Le Jotun soupira, ennuyé. Les humains, peu importait s'ils étaient intéressants ou non, devenaient toujours stupides lorsqu'ils avaient peur. Cela pouvait être amusant, mais en cet instant précis, alors que Loki n'avait pas de temps à perdre, cela se révélait plutôt horripilant.

- Comme vous voulez, je vous avais prévenu.

Puis le Dieu de la Malice commença son récit, racontant à la jeune fille qu'il n'était pas le grand méchant sorcier avide de pouvoir que les gens pensaient qu'il était, omettant tout de même tout ce qui pourrait faire croire à Mercedes qu'il n'était pas, même s'il était désormais allié avec les Vengeurs, le monstre sans cœur dont il se donnait toujours les traits. La jeune espagnole resta debout les dix premières minutes puis, commençant à croire que le Jotun ne la tuerait pas à la seconde où elle l'approcherait, elle retourna s'assoir, au bout du canapé cette fois, parce qu'il ne fallait pas abuser non plus.

Lorsque Loki termina son histoire, sa tasse de thé encore à moitié pleine était froide, et Mercedes leva sur lui des yeux brillants de détermination. Elle ne le plaignait pas comme il le craignait, car même s'il ne lui avait raconté que les grandes lignes de son passé et avait pris soin de ne donner que des faits et pas son ressenti, il savait que même ces dits faits parlaient d'eux-mêmes sur son passé chaotique. Mais tout ce que la jeune étudiante semblait retenir était le fait que la bataille n'était pas terminée, et même si le prince pouvait voir qu'elle avait peur, ce qui était tout à fait normal, il pouvait aussi sentir son excitation.

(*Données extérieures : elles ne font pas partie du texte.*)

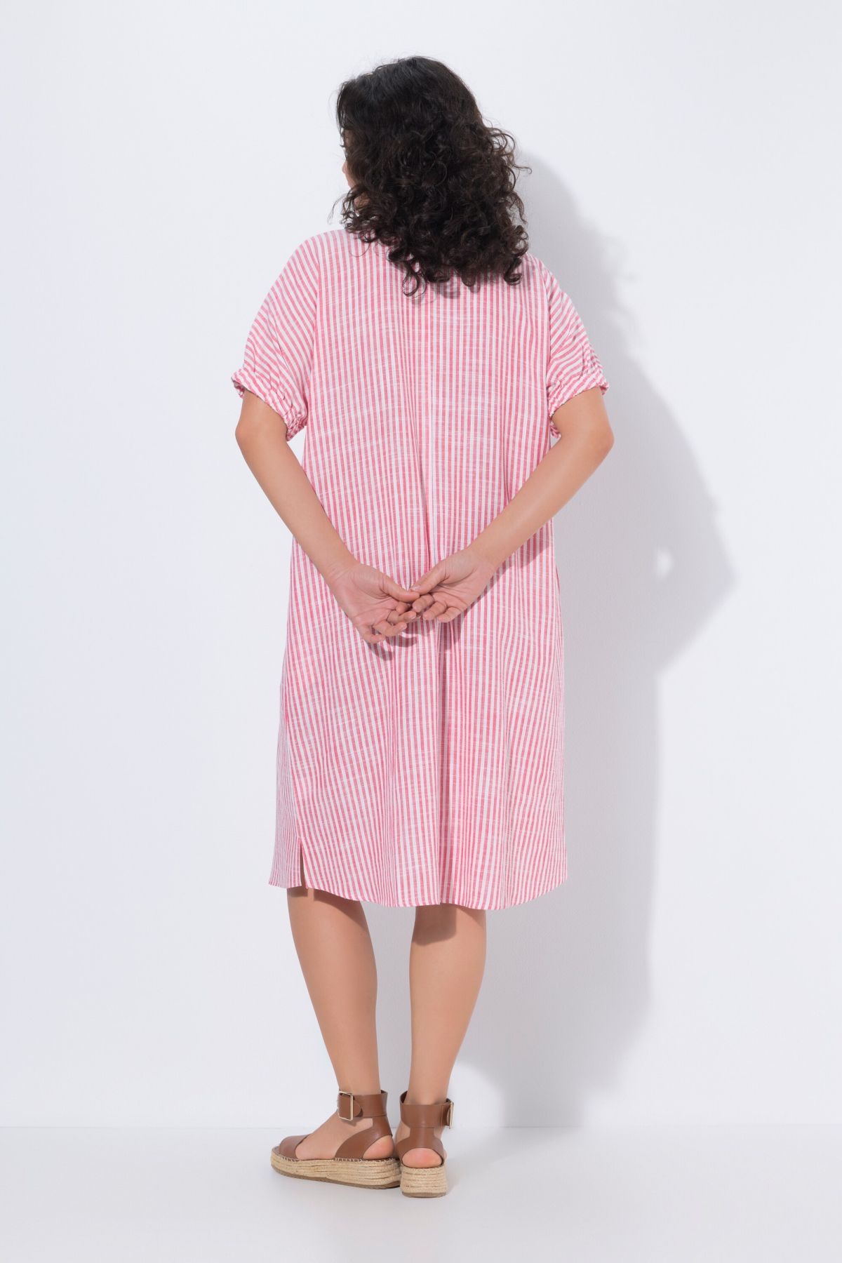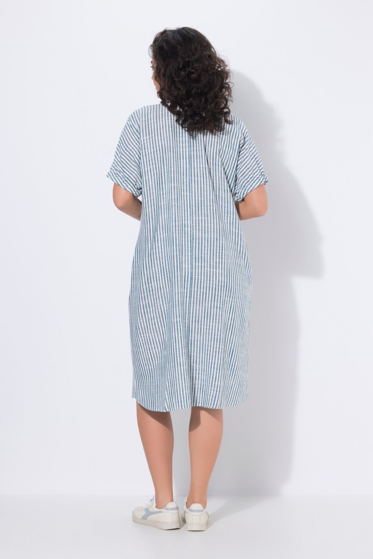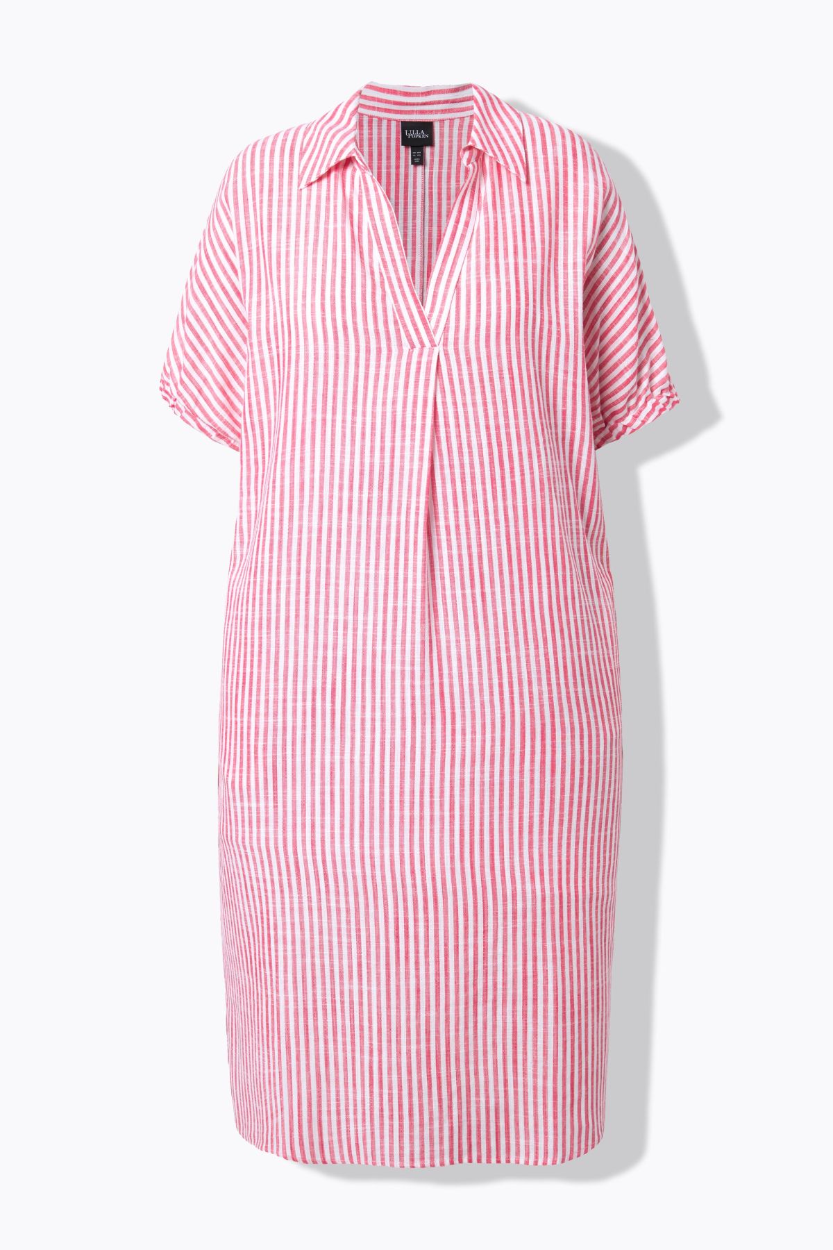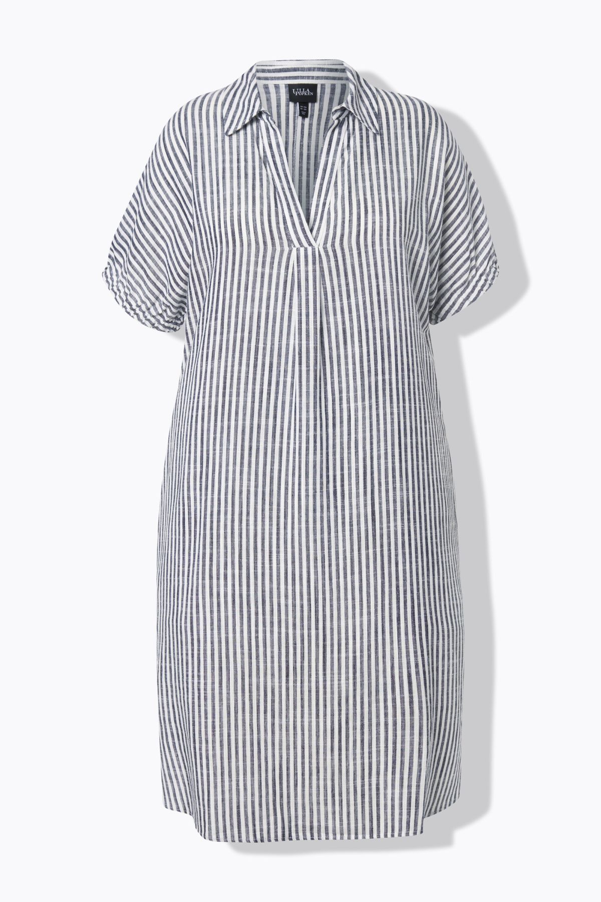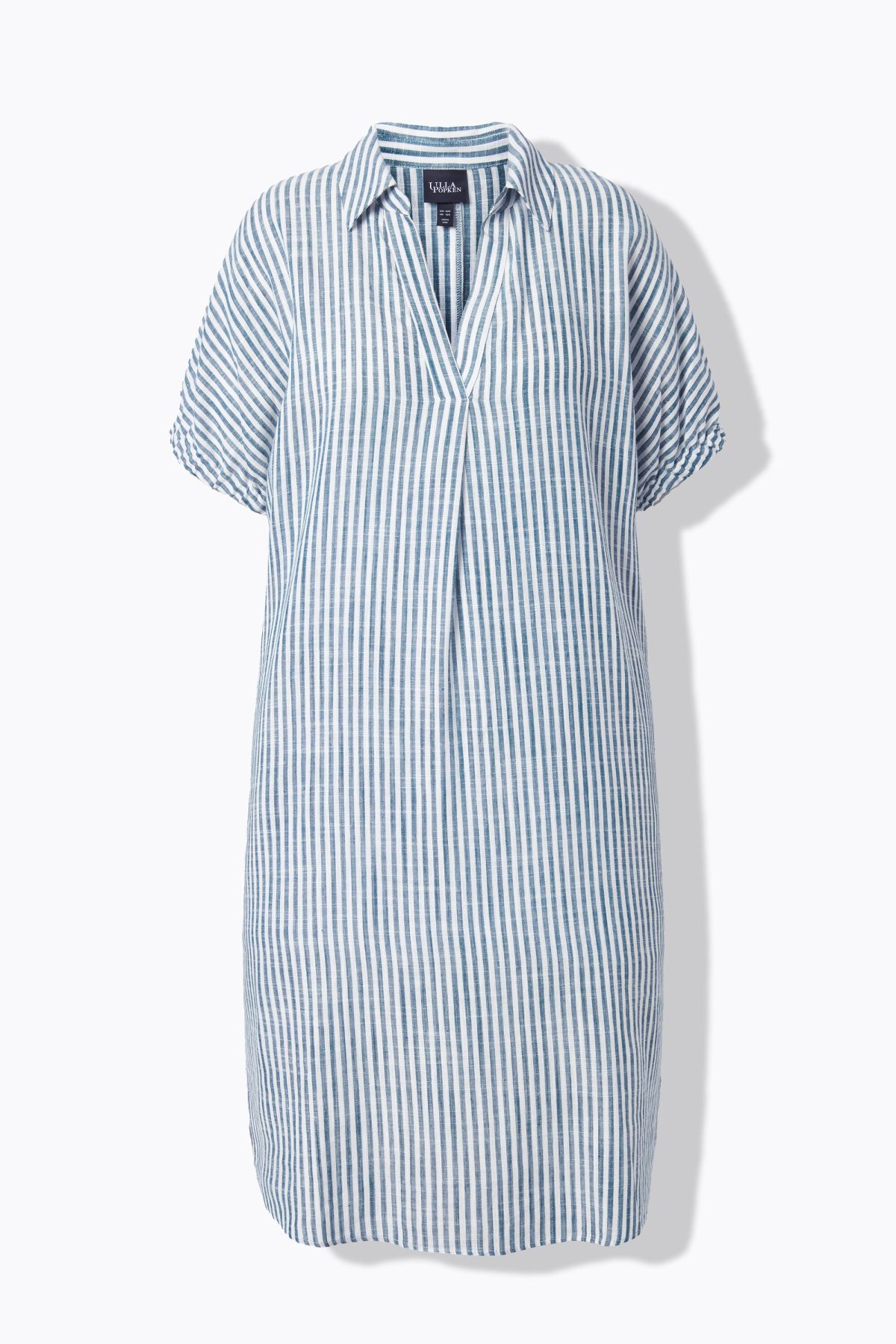 Motif à rayures tendance, Col chemise à encolure en V, Coupe oversize décontractée, base arrondie et fentes sur les côtés, Manches courtes à finition élastique, Mélange lin-viscose de grande qualité, Long. selon taille env. 107-111 cm.

- Alors allons voir les Avengers, lança-t-elle comme une enfant jouant aux aventuriers.

- Je vais voir les Avengers. Je vous ai donné vos explications, votre rôle dans cette histoire s'arrête ici.

- Bien-sûr que non, je suis un témoin, vous ne pouvez pas prendre le risque de laisser quelqu'un connaissant tout ce que vous m'avez dit derrière vous, n'est-ce pas ? Vous devez me prendre avec vous.

- Ou alors je pourrais juste effacer votre mémoire.

- Ce serait malvenu d'utiliser votre magie sur une humaine maintenant que vous avez les Avengers de votre côté.

Le Dieu du Chaos grimaça. Le pire était qu'elle avait raison, et puis il bluffait de toute façon. Il n'avait pas la capacité de lui effacer la mémoire. Aussi agréable et poli qu'avait été le fait de lui confier toute son aventure, Loki devait admettre que ce n'était pas la chose la plus intelligente qu'il avait fait dans sa vie.

- D'accord, vous venez avec moi. Mais si vous causez le moindre problème...

- Super ! Ne vous inquiétez pas, je serais discrète.

C'est ainsi que, attrapant le poignet de l'étudiante avec un soupir, Loki les téléporta tout deux à la Tour Stark.